I was subjected to a rigorous catechism which I pretended to be wearied by but which, in truth, I took pleasure in answering. Doesn’t every man enjoy talking about the mysteries of his craft – and if he d
oes not, he has no business practising it, I think.
“Is that it?” I said after many minutes. “You will leave me with no energy for anything else.”
“Almost there, Nick. Tell me this too. Are you all going to the country? Or are some of you left behind in town?”
“No, ‘we’ are not all going,” I said, slightly annoyed. What was she thinking about? Her trade? “Shakespeare and Burbage and Heminges and most of the seniors remain here.”
“So the children are being let out to play. How will they fare?”
Strangely, the same idea had occurred to me but to hear Nell voice it out loud was somehow aggravating.
“If by that you mean that we are not capable of conducting –”
“It was a joke, Nick.”
“We are to visit Instede House at the personal invitation of Lord Elcombe, I’ll have you know.”

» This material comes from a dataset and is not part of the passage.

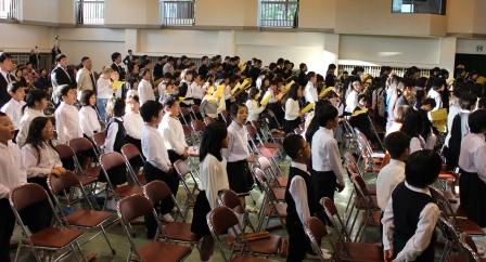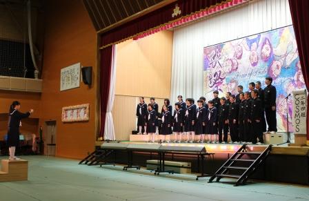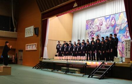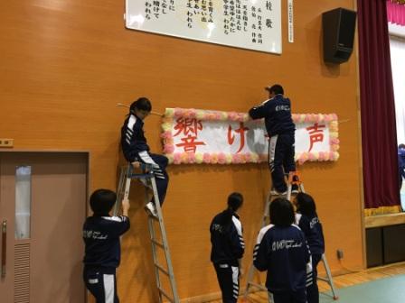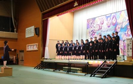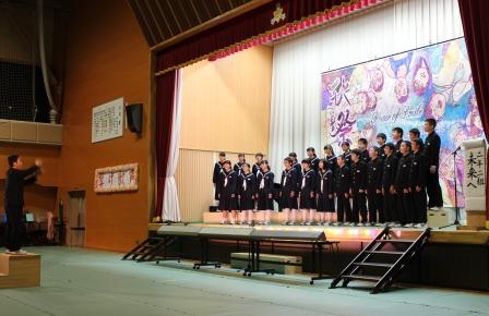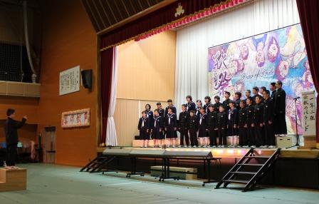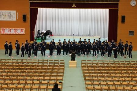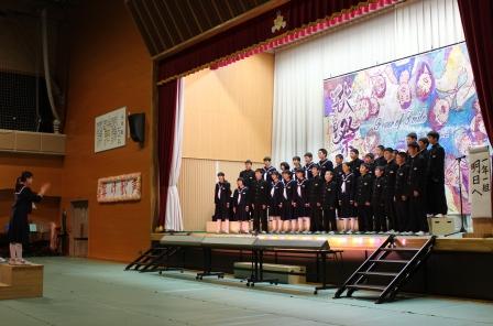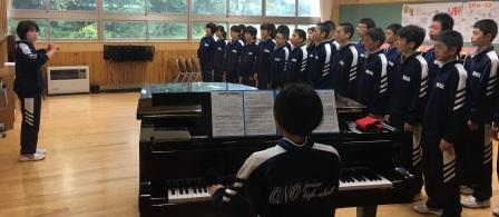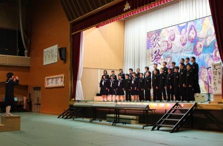 文化祭(秋篁祭)まであと2日となりました。朝も昼も各学級等から合唱コンクールに向けて、すてきな歌声が響いてきます。どの学級が小野町音楽祭に出場するのか、本番の「合唱コンクール」が楽しみです。子ども達の歌声をどうぞお聴きください。 当日の日程については昨日発行の「学校だより17号」でもお知らせしましたのでご確認ください。また、本日配布のプリントには、22日の駐車場について等、大切な内容が書かれてありますので、ご家庭でご確認ください。週末から週明けは、台風21号や前線の影響で荒天となる恐れがあり、気温も最高が14度と低い予報ですので、温かい服装でお越しください。 【駐車場】:校舎前の駐車場が満車の場合、例年は校庭に乗り入れていましたが、今年度は乗り入れ禁止とします。「旧宍戸会館跡地(ふれあいの坂側校門の向かい)」をお借りしましたの、そちらに駐車するようお願いいたします。 【写真 10月20日(金)昼休みの練習風景 左:3年2組 右:1年3組】 ※ 10月22日(日)の日程:第17号:文化祭(日程).pdf

“Hush. Save your passion for later.”
“You’re in danger of dousing it.”
“Then tell me of the play, this Midsummer Nightmare.”
“Dream.”
“Dream. See how much you have to tell me still. And talk of your part in it.”
Even if she was only being conciliatory at this instant, Nell did like to hear some account of the plays in which I participated. Inevitably she hung about the playhouses in the way of business but, equally inevitably, she did not much attend to the action on stage. (I’d tried to prohibit her from attending the Globe when I was playing there at first and she eventually told me I had no more right to regulate her trade than she had to regulate mine.)
So I lay flat on my back, eyes fixed on the lumpy plaster of the ceiling, and started to give my Dream narration. Nell snuggled up beside me. In fact, my narrow bed didn’t permit of any relation other than snugness.